Mondale died April 19 at age 93. Funeral services are planned for September.
A Presbyterian, Mondale, the former U.S. Senator from Minnesota, vice president under President Jimmy Carter and U.S. ambassador to Japan, was a personal friend of Archbishop Roach, archbishop of St. Paul and Minneapolis from 1975 to 1995.
Archbishop Roach gave the benediction at the 1977 inauguration ceremony. “We beg your special blessing on President Carter and Vice President Mondale and their families,” he prayed. “There is a loneliness on the mountain. Grace that loneliness with your presence.”
Allison Spies, the archdiocese’s archives programs manager, said the men wrote to each other regularly.
“Archbishop Roach visited Mondale in Washington, and they traveled together to Rome in 1978,” she said. “They of course disagreed on some topics, but they especially shared convictions about peace and the risks of the nuclear arms race.”
Archbishop Roach worked on a 1983 pastoral letter from the National Council of Catholic Bishops (a precursor to the U.S. Conference of Catholic Bishops) on nuclear weapons and the arms race. In his unsuccessful 1984 presidential bid, Mondale advocated for a nuclear freeze, and in an essay written during that time, he noted that “the Catholic Church has raised serious questions about the morality of nuclear war.”

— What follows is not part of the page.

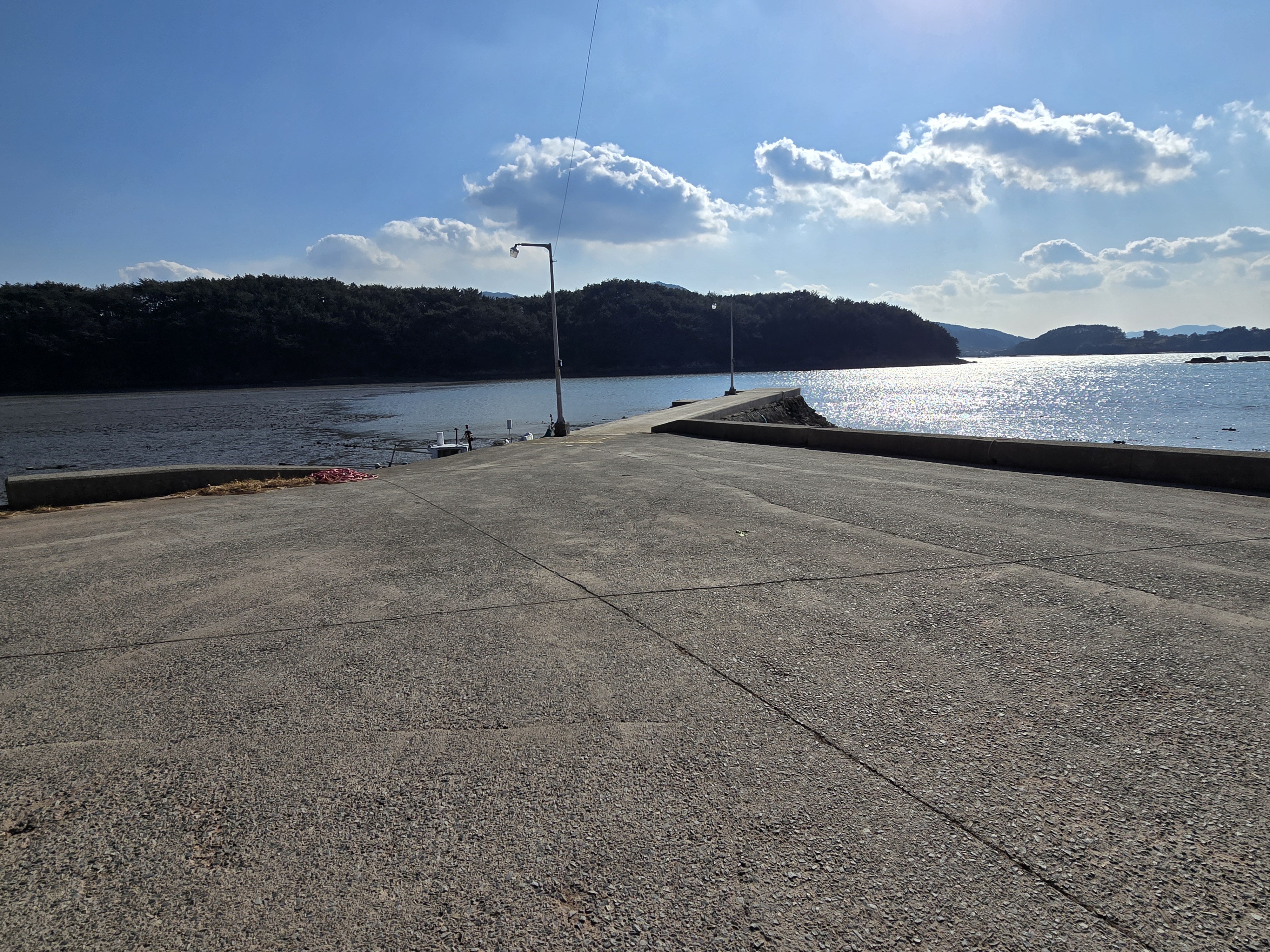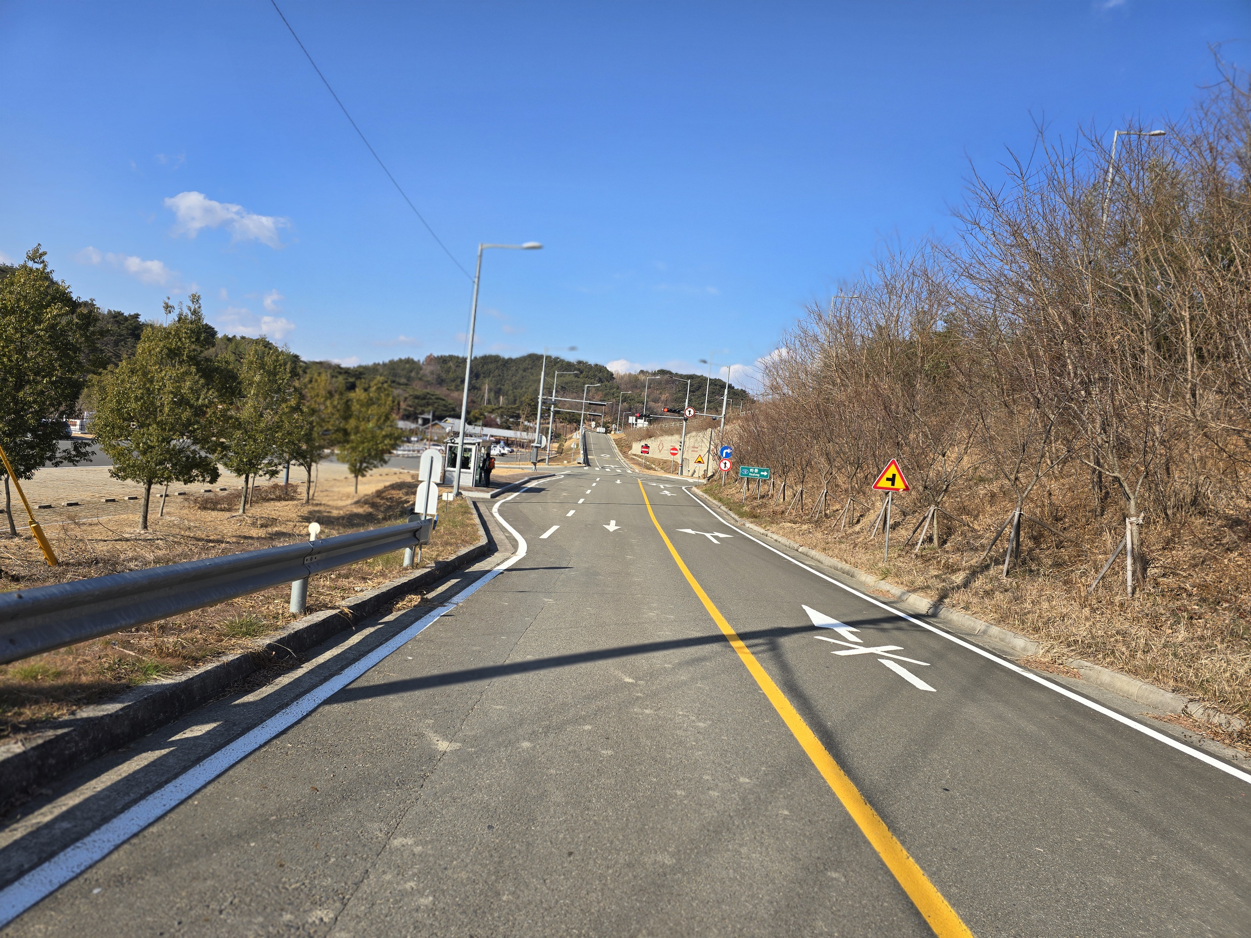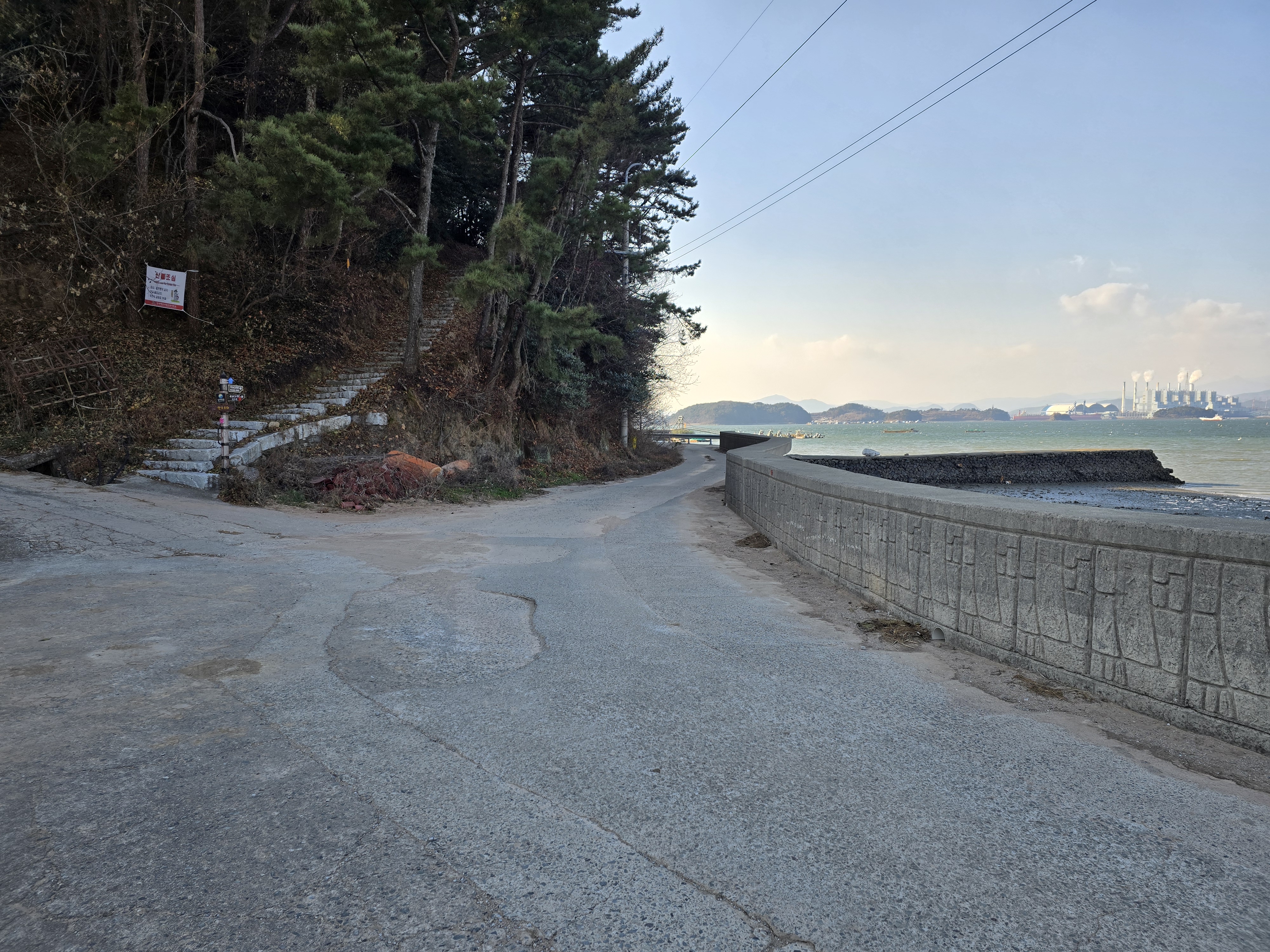 우회전하여 대사리 방조제 아래 도로를 따라 진행하고

Like Mondale’s other friends, Archbishop Roach called him by his nickname, “Fritz,” a nod to his middle name, “Frederick.” When the archbishop died in 2003, Mondale described him to The Catholic Spirit as “just always a good friend.” He praised him for his qualities as a pastor and “ecumenical spirit,” and he commended him for working together on shared policy goals, despite their disagreement about legalized abortion.
Mondale received an honorary degree from the University of St. Thomas in 1973 and received its law school’s Dignitatis Humanae Award in 2019.